Differential response to acute ischemia between isolated contracting hearts and hearts perfused with excitation-contraction uncouplers.

Abstract

Acute myocardial ischemia triggers electrophysiological changes, including altered cardiac action potential and conduction slowing. Optical mapping is widely used to study these changes, but most experiments use excitation-contraction uncouplers to suppress contractile motion and motion artifacts. We hypothesized that contraction suppression with these uncouplers masks ischemic effects, leading to misleading results. We compared Langendorff-perfused, noncontracting hearts treated with blebbistatin to contracting hearts under acute ischemic conditions. Optical mapping with emission ratiometry and motion-tracking postprocessing minimized motion artifacts, whereas ischemia was induced by ligating the obtuse marginal branch of the left circumflex coronary artery. Contracting hearts exhibited faster and more pronounced reductions in action potential duration (APD) and action potential triangulation (2 min vs. 14 min), along with an increased incidence of spatially discordant alternans (SDA). They also displayed steeper APD restitution slopes, whereas these slopes were flattened in noncontracting hearts. These differences may stem from reduced metabolic demands and the absence of mechanoelectric feedback in noncontracting hearts.

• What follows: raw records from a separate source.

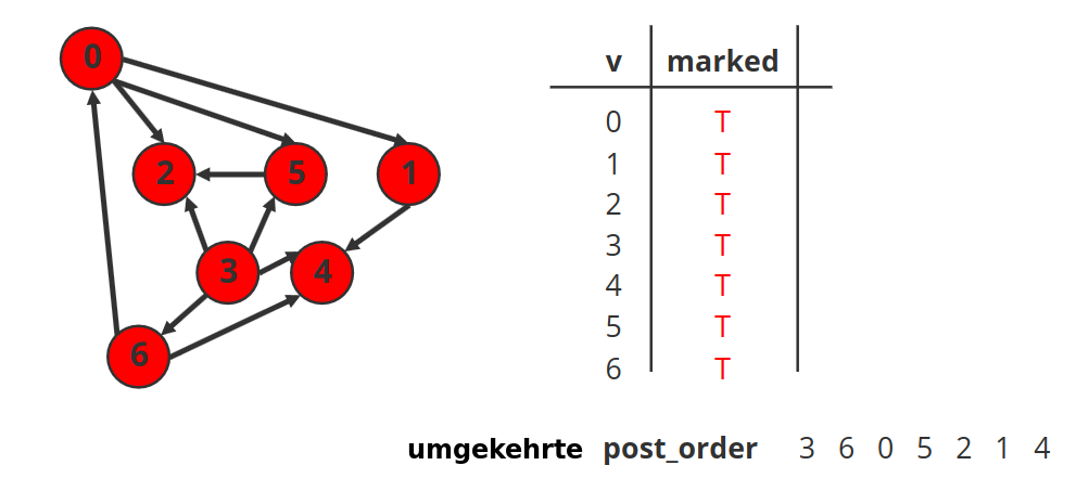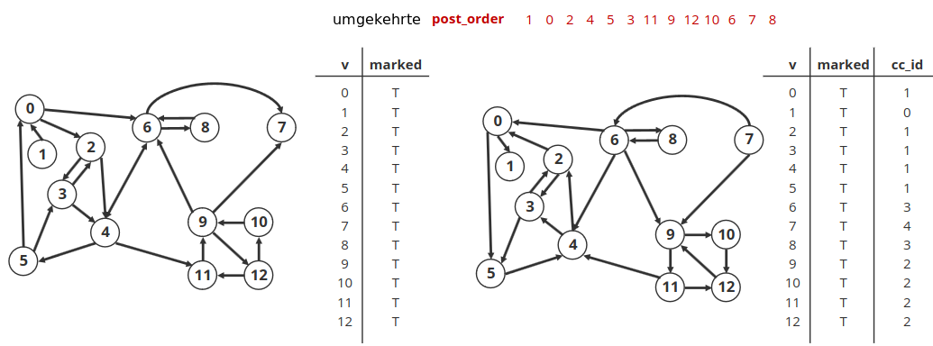 - Phase 2: Tiefensuche auf (ursprünglichem) Digraphen laufen lassen mit Knotenreihenfolge aus Phase 1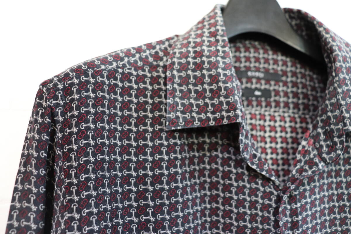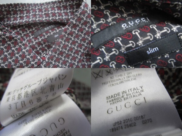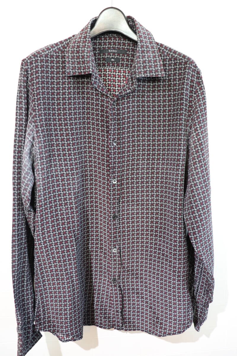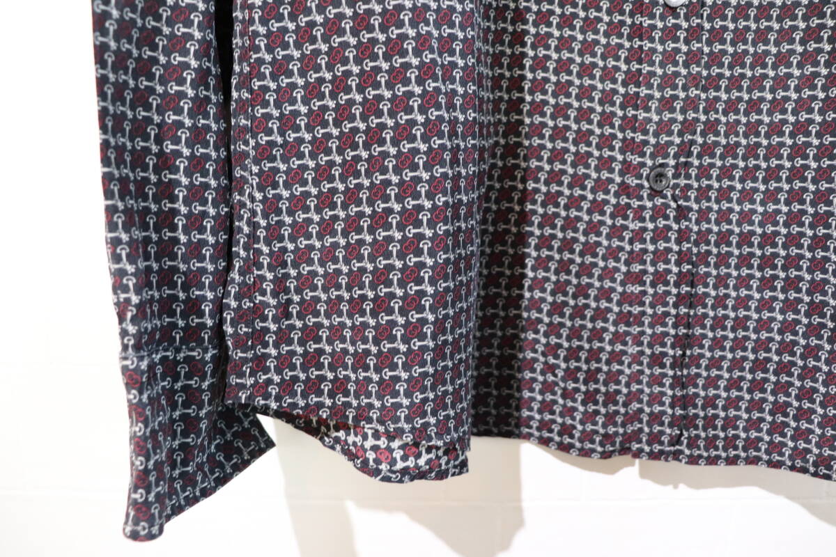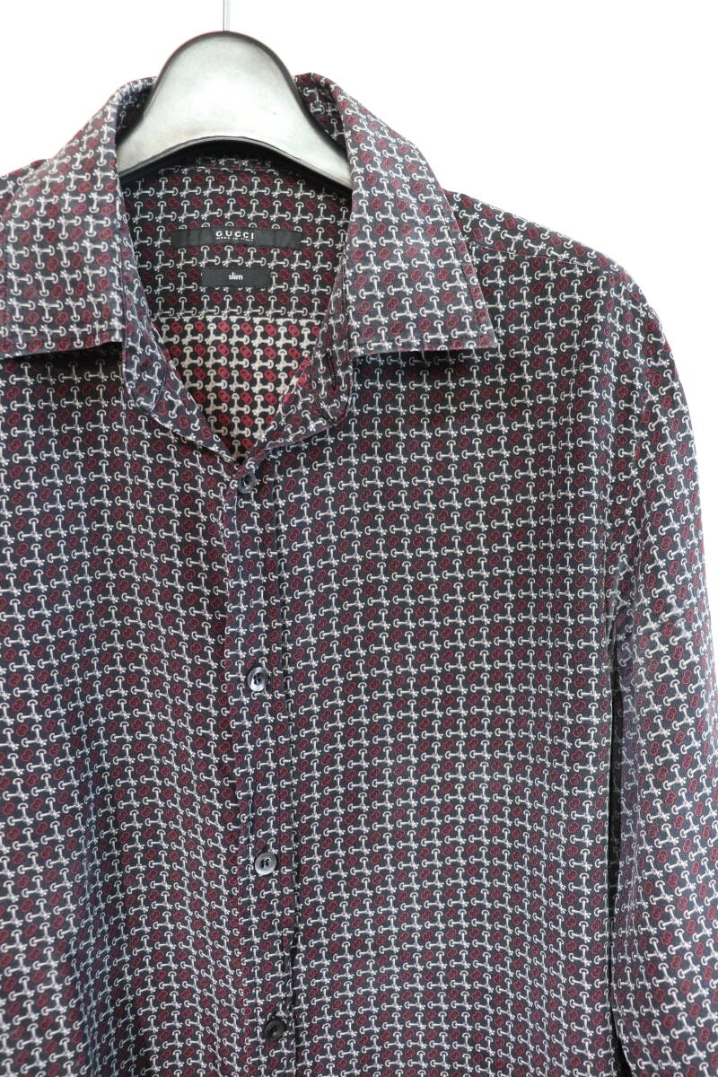 即決 GUCCI グッチ GGマーク&ホースビット総柄 長袖ドレスシャツ シルクシャツ メンズ 42 16 1/2 イタリア製 ブラック レッド シルバー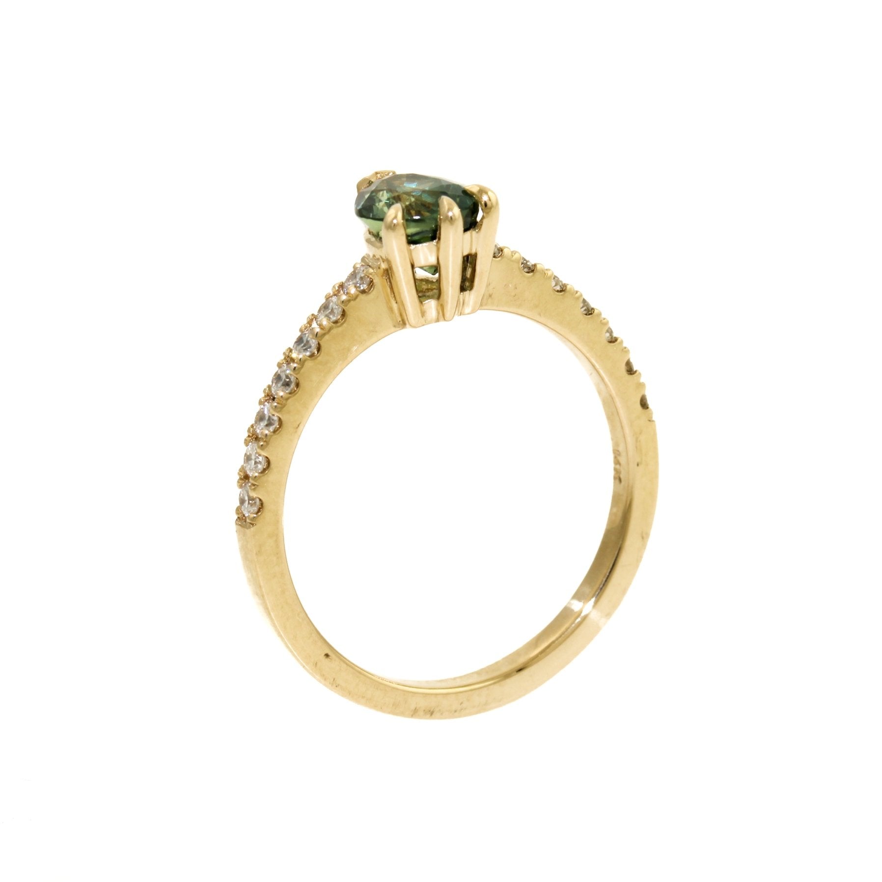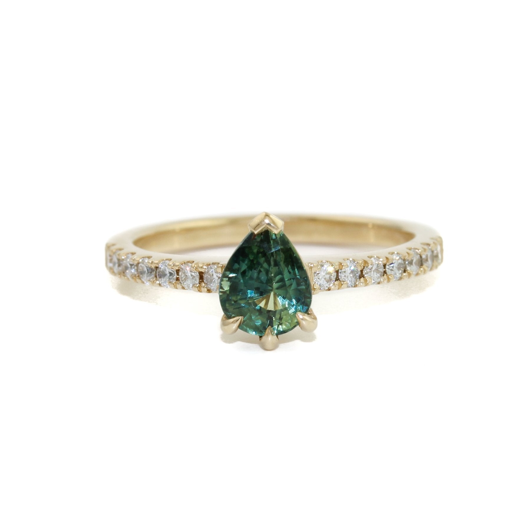 An alluring seafoam green sapphire, cut in the shape of a teardrop to flatter and elongate the finger. This beautiful stone is set in a 14k gold bezel, surrounded by brilliant tiny diamonds. Featuring a claw setting to allow all your attention to focus on this precious sapphire stone. This design is made to last a lifetime and more, with its genuine heirloom quality and craftsmanship.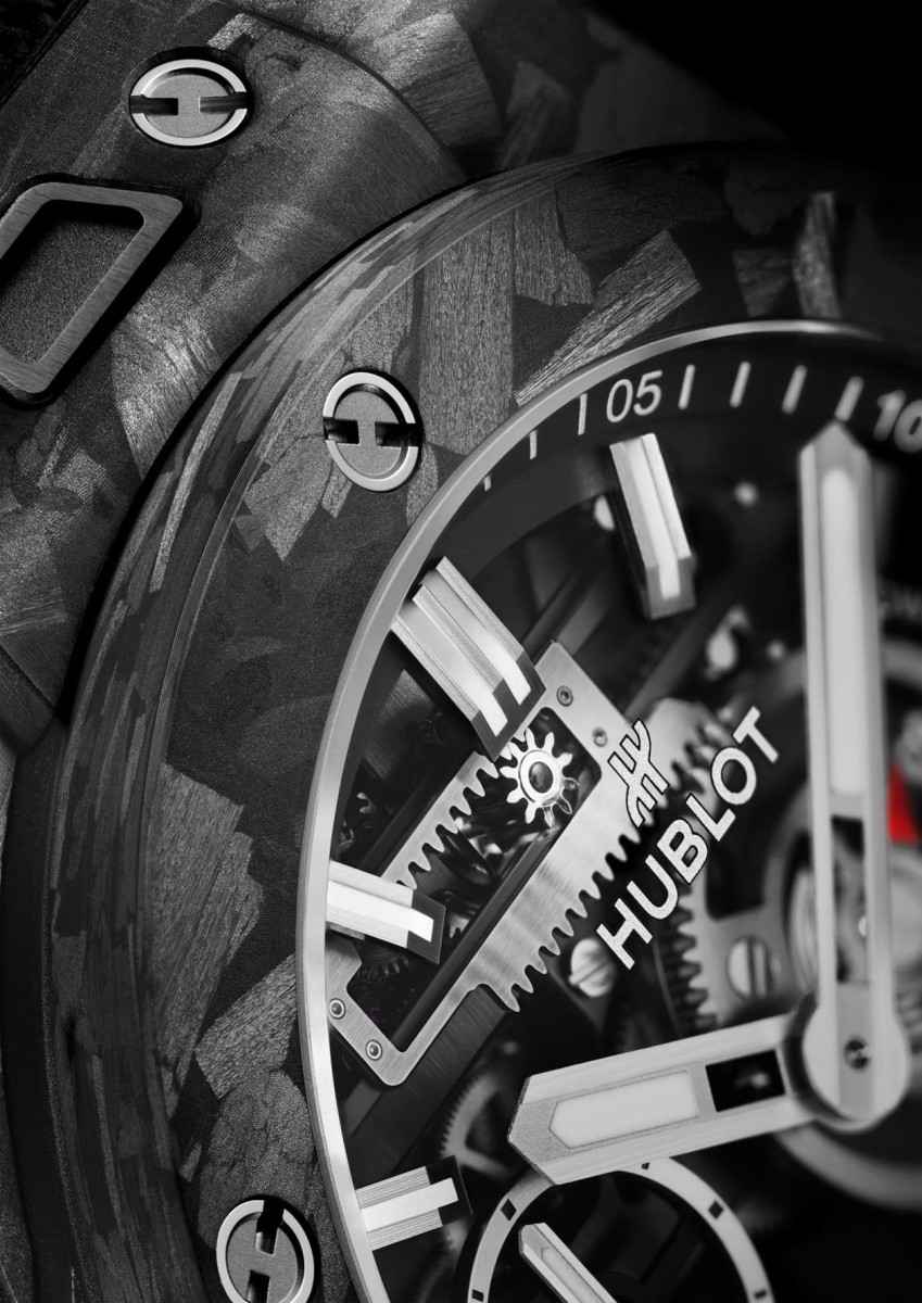 ▲宇舶獨立開發成功的冰霜碳纖維材質首度與Big Bang Meca-10腕錶搭配,其獨一無二的不規則紋理賦予腕錶高辨識度與迷人外觀。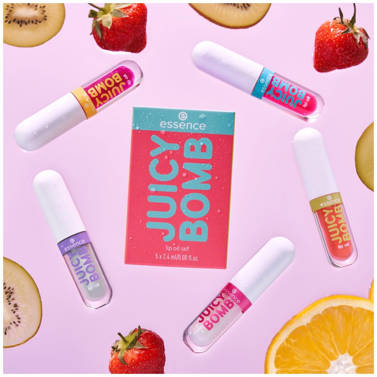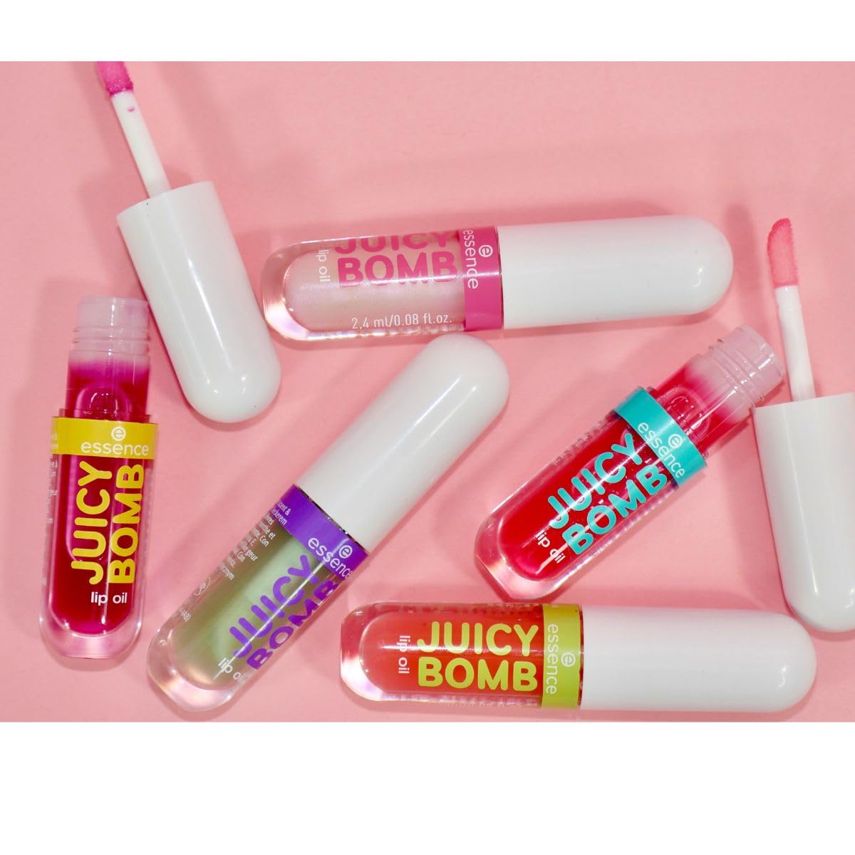 essence JUICY BOMB lip oil set 01, Lippenpflege, Mehrfarbig, acetonfrei, vegan, ohne Mikroplastikpartikel, glutenfrei, 1er Pack (5pcs)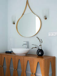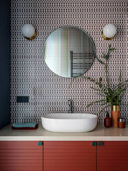 Pre retro kúpeľňu sú charakteristické buď jednofarebné kachličky v rôznych farbách alebo s pravidelnými geometrickými vzormi. Umývadlo zvykneme voliť oblého tvaru. Aj sklenený sprchový kút však môže perfektne zapadnúť do kúpeľne v retro štýle. Pravidelný geometrický vzor je taktiež možné aplikovať aj na nábytok. Takto sa interiér obzvláštni, no zároveň bude pôsobiť stále jednoducho.

In contrast, contracting hearts, with higher metabolic activity and mechanical feedback, experienced more severe ischemic changes. These findings highlight the limitations of using blebbistatin-treated, noncontracting hearts in electrophysiological research, as critical ischemic effects may be underestimated. This study underscores the need to integrate mechanical and electrical dynamics in preclinical models to accurately replicate ischemic conditions, enhancing the translational relevance of experimental cardiac research.This study highlights key differences in acute ischemic responses between contracting and blebbistatin-treated noncontracting rabbit hearts. Contracting hearts showed faster, more severe action potential duration reductions, increased spatially discordant alternans, and steeper restitution slopes, emphasizing the role of mechanoelectric feedback and higher metabolic demands. These findings challenge reliance on noncontracting models in electrophysiological research, underscoring the need for models integrating mechanical and electrical dynamics to improve the translational relevance of ischemic studies.